Analysts see opportunities in outlets located away from malls such as Fernvale Street and Edgedale Plains.
Aside from the revamp of Sheng Siong's stores, the supermarket giant could have found another way to gain a competitive edge against FairPrice and Dairy Farm by having some of its stores built in so-called bad locations, RHB Research said.
RHB analyst Juliana Cai noted that some of Sheng Siong’s new outlets are not located near any shopping amenities such as malls or suburban centres that are within walking distance. "The outlets at Fernvale Street and Edgedale Plains, for instance, are in front of the river or forestry.
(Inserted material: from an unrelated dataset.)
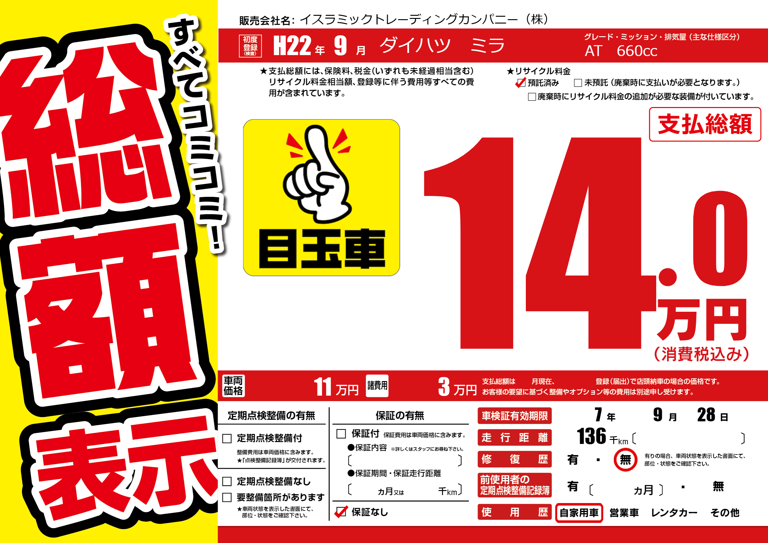 | 車検制限 | 7年 9月 28日 | ||

As such, we believe the group has a captive consumer base, as the people living in these new HDB estates do not have other shopping alternatives in the vicinity," she said.
"Although there were a few supermarkets and minimarts located within 10-15 minutes walking distance (2-3 streets down) from the Sheng Siong supermarkets, we believe there is little incentive to travel to the next supermarket further away especially when carrying heavy groceries," she added.
There were a large number of supermarket sites available for lease by HDB. Over the next 6 months, there would be 11 new commercial units available for supermarkets bidding, whilst another 11 new sites would be available over 2019-2021. "We maintain the view that the close proximity between some of these sites would eventually lead to cannibalisation of sales. But we think this would likely be felt two years down the road when most these new sites have been bid for and opened. Currently, the increase in consumer confidence and rising domestic consumption are likely to mitigate the saturation of supermarkets in Singapore in the near-term," Cai said.
Cai also noted that the new HDB sites for commercial leasing do not have any units allocated for wet markets in the new residential estates. "As such, we believe Sheng Siong would be
able to continue to raise its proportion of fresh mix through the displacement of wet markets in Singapore," she said.
Cai also revealed that the company's extension would add 100,000 sqft (+20%) to its existing capacity, as opposed to the previous guidance of 50,000 sqft (+10%). "Sheng Siong also tries to increase the level of automation within the new extension. We believe this would bode well for the group. We think there could be a potential upside to margins when this new extension commences," she added.
Sheng Siong hopes to get the extension completed before the Lunar New Year in 2019, Cai said.